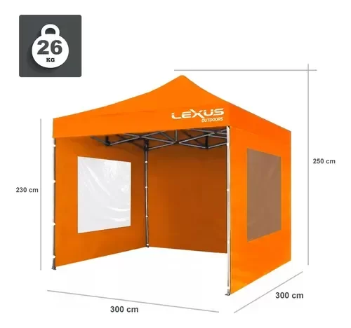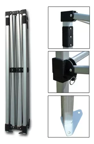 Este gazebo único en el mercado de excelente calidad y materiales, es plegable y está construido con una estructura de aluminio altamente resistente. Los elementos de unión y los ángulos han sido testeados con éxito, demostrando su efectividad y durabilidad ante las inclemencias climáticas. Ideal para el uso cotidiano. Cuenta con doble refuerzo de tela en todas las superficies de contacto, haciendo la tela más duradera y resistente.
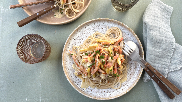 PureSpelt Spaghetti with Carrot and Bacon Sauce
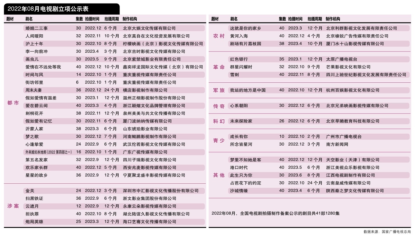 2022年8月,全国电视剧拍摄制作备案公示的剧目共41部1280集。
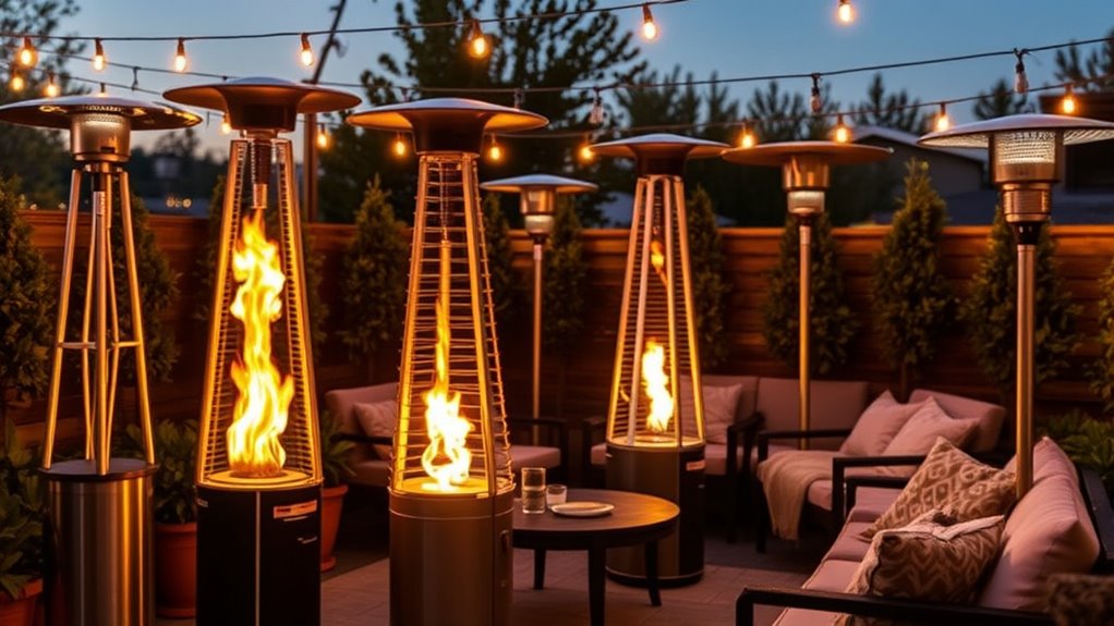 - Match heater size and heat capacity to your space needs, balancing efficiency, safety, and convenience for cozy outdoor gatherings.
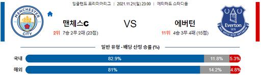 프리미어리그 11월 21일 23:00 맨체스터 시티 : 에버턴
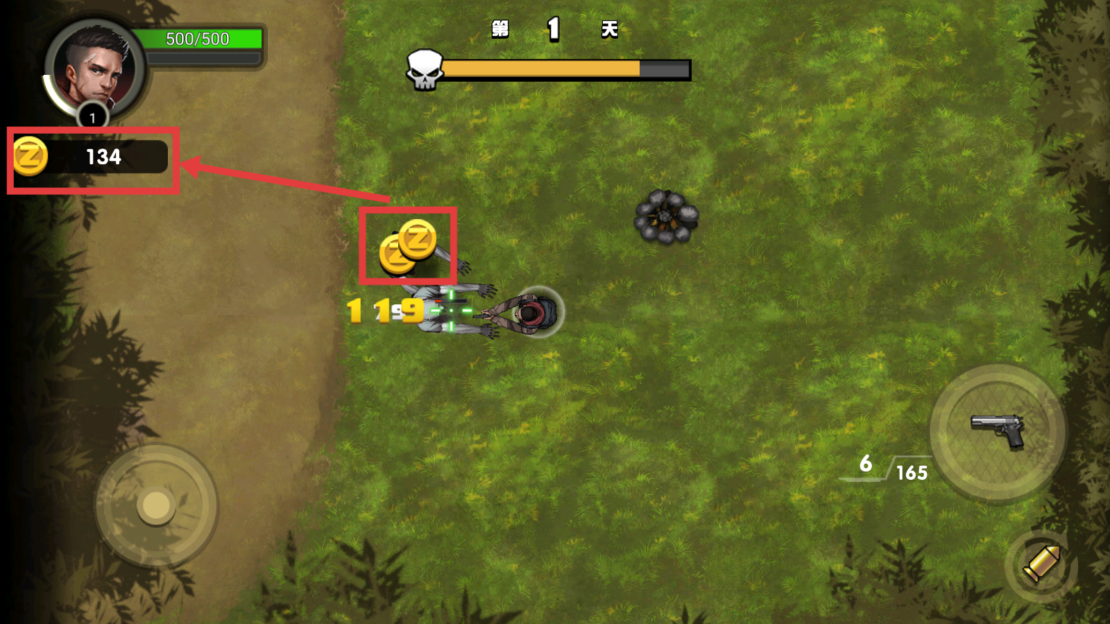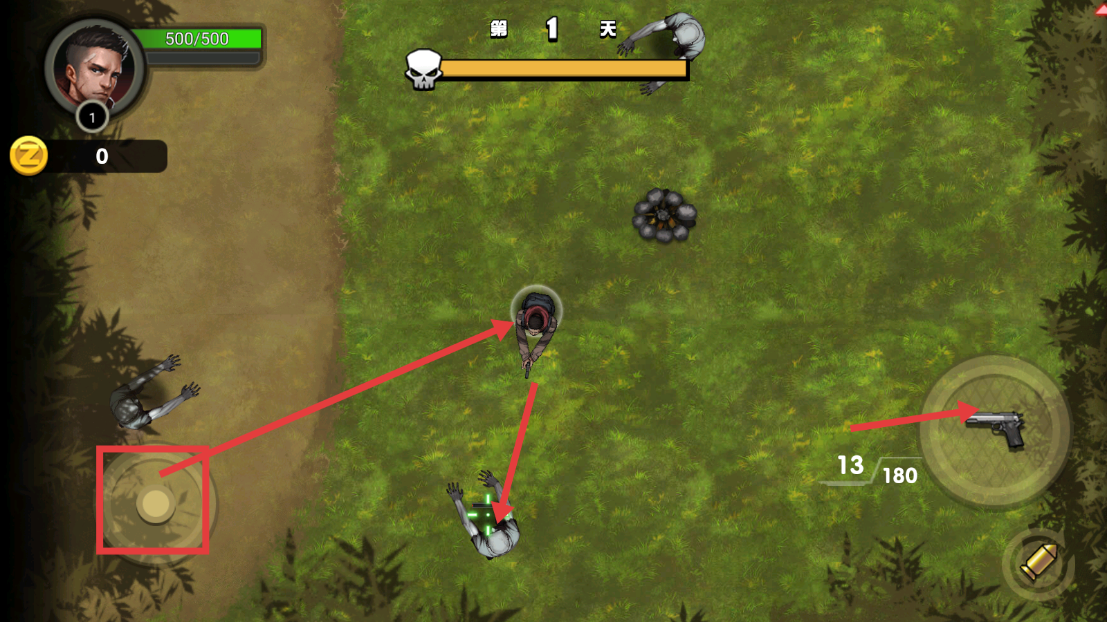 2、利用左侧摇杆移动角色,右侧手枪按钮射击敌人,同时留意左上角【500/500】的生命值状态。
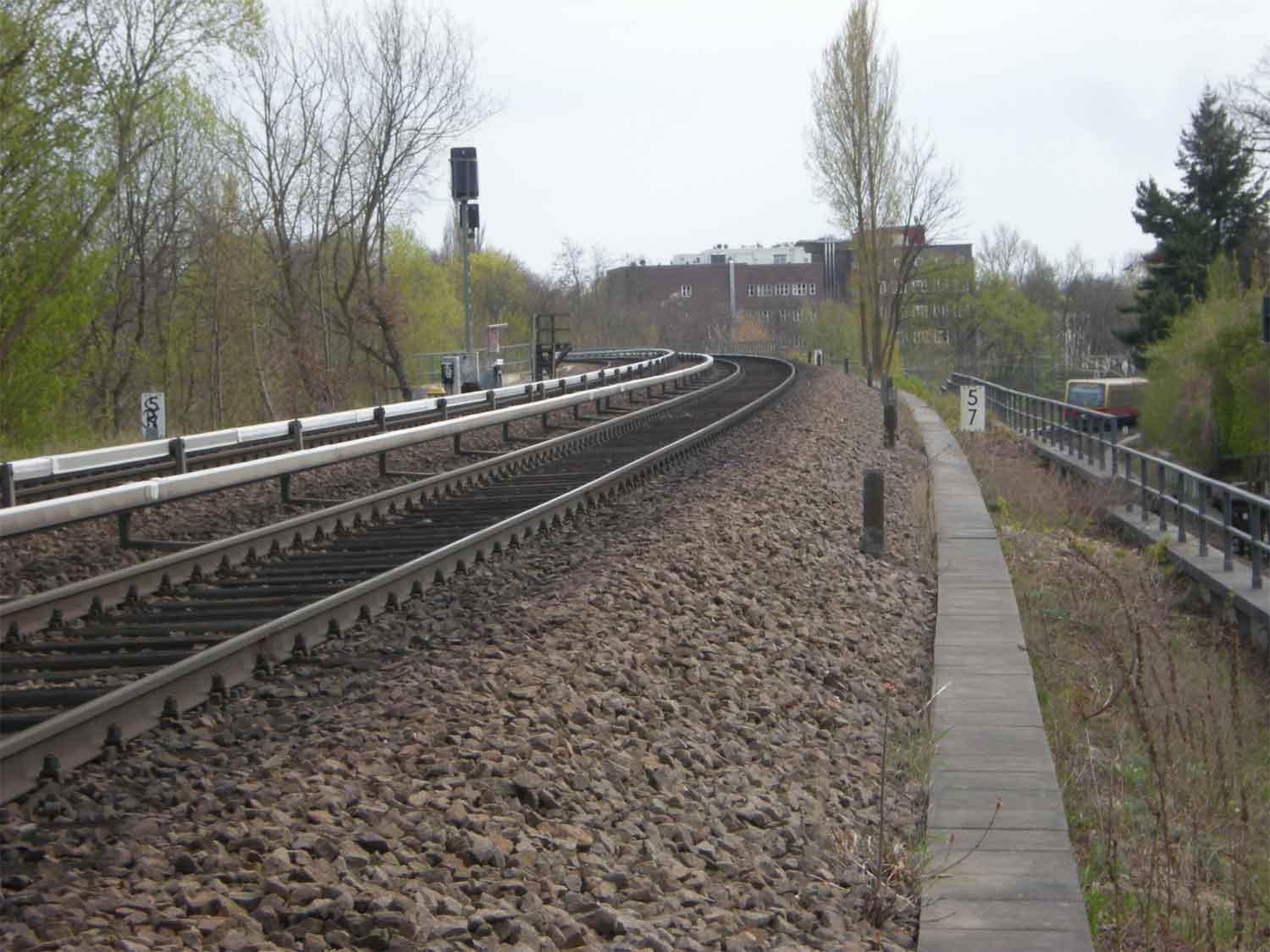 Oben km 5,5 der Gleise der S-Bahnstrecke
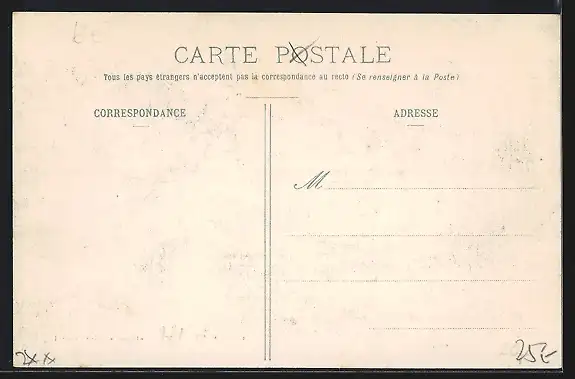 Personenbezogene Daten auf der Rückseite der Karte wurden durch blauen Textmarker unkenntlich gemacht. Die blauen Stellen sind auf die Vorderseite durchgeweicht und wirken sich negativ auf das Postkartenfoto aus
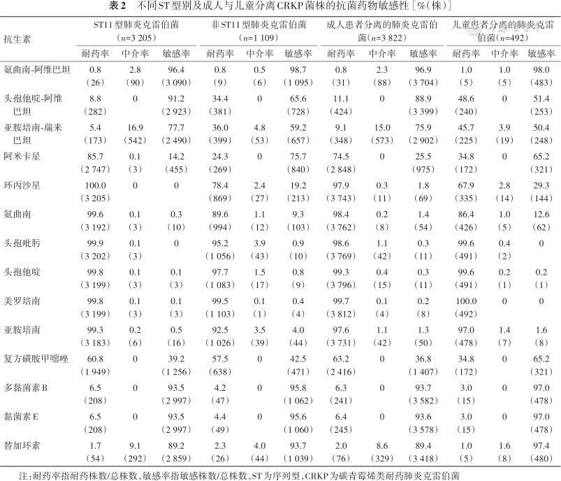 注:耐药率指耐药株数/总株数,敏感率指敏感株数/总株数,ST为序列型,CRKP为碳青霉烯类耐药肺炎克雷伯菌
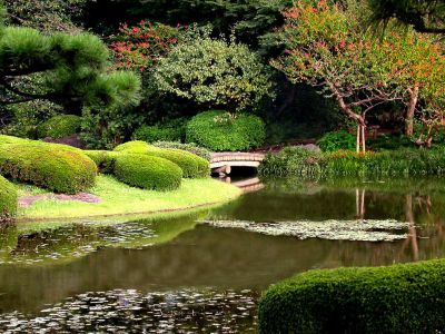 In the spring season, the gardens burst into life with the enchanting sight of blooming Sakura (cherry blossom) trees, featuring nearly 30 distinct cherry tree species. Additionally, the gardens boast an array of noteworthy flora, including bamboo, peonies, a charming grove of plum trees, and graceful willow trees. In total, the gardens house more than one thousand species of native Japanese plants. A significant feature of the landscape is the vast green lawn known as Oshibahu, once a venue for imperial ceremonies. Within the garden's boundaries, you'll find two guardhouses that once dutifully protected the gates and the remnants of a stone tower known as the Tenshu Dai.

**Prompt:**
In the listing above, find the line with "- Match heater" and the line with "注:耐药率指耐药株数/总株数". Set down both and every line between them, minus the pictures.

**Response area:**
 - Match heater size and heat capacity to your space needs, balancing efficiency, safety, and convenience for cozy outdoor gatherings.
 프리미어리그 11월 21일 23:00 맨체스터 시티 : 에버턴
 2、利用左侧摇杆移动角色,右侧手枪按钮射击敌人,同时留意左上角【500/500】的生命值状态。
 Oben km 5,5 der Gleise der S-Bahnstrecke
 Personenbezogene Daten auf der Rückseite der Karte wurden durch blauen Textmarker unkenntlich gemacht. Die blauen Stellen sind auf die Vorderseite durchgeweicht und wirken sich negativ auf das Postkartenfoto aus
 注:耐药率指耐药株数/总株数,敏感率指敏感株数/总株数,ST为序列型,CRKP为碳青霉烯类耐药肺炎克雷伯菌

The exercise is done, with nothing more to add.